In 2013, the typical Fast50 company was based in New South Wales or Victoria, grew at more than 44 percent and made more money than ever from cloud computing and less than ever from hardware. There were most likely to have been in business for less than 10 years; the really fast growers had been in business for under five. There was a better-than-average chance that they made money from the finance and insurance sector.
Jarrod Bloomfield and his company, NGage Technology Group, tick almost all the boxes. This year, the Melbourne-based reseller hit the number one spot on the CRN Fast50 by growing the business at a stunning 264 percent from less than a million in revenue in 2012 to well over $2 million in the last year. Where NGage differs from many in the channel is the importance it has assigned to hardware. The company made a lot of money this past year moving tin.

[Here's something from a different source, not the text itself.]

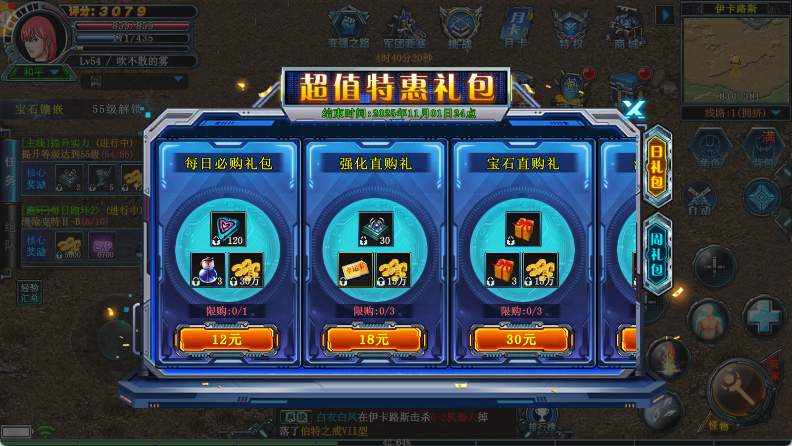 3.臻品宝石礼包:定价 6480 元。礼包内包含 3 级镶嵌宝石,这些宝石具有强大的属性加成效果,镶嵌在装备上后,能大幅提升装备的属性,进而增强角色的整体实力。当玩家在后期获得强力装备后,购买此礼包可以进一步挖掘装备潜力,让角色在战斗中更具优势,在 PVP 对战或高难度副本挑战中脱颖而出 。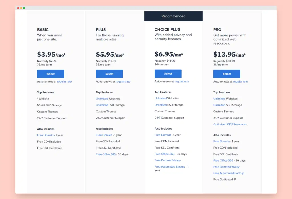 - Pro ( $ 4,95 / мес ): неограниченный веб-сайт, хранилище, пропускная способность, бесплатный домен на один год, 2-кратное увеличение производительности.

NGage heads up the 2013 CRN Fast50, the list of Australia’s fastest-growing channel companies. The company is one of many new names on the list: in fact, 29 of this year’s Fast50 are new since last year. Growth is a fickle mistress, especially in an industry where it is often important to consolidate gains. Many of last year’s Fast50 companies told CRN that they missed the list in 2013 because it was their “consolidation year” following the major leaps forward in 2012. Backing up this anecdotal evidence of peaks and troughs is the fact only five of the 10 fastest-growing companies from 2012 made it back into the list in 2013. None of last year’s leaders made the top 10 again. In fact, the best back-to-back performer from last year’s top 10 was the 2012 winner, LeetGeek, which this year checked in at 27th.
Collectively, the 2013 Fast50 this year generated revenues in excess of $250 million. Last year, the figure was $585 million. Why? The absence of a few major players made all the difference: missing from this year’s list were five of the biggest companies from last year, including the two biggest firms, UXC Connect and Bridge Point Communications. Between them, these two powerhouses were worth $222 million in 2012.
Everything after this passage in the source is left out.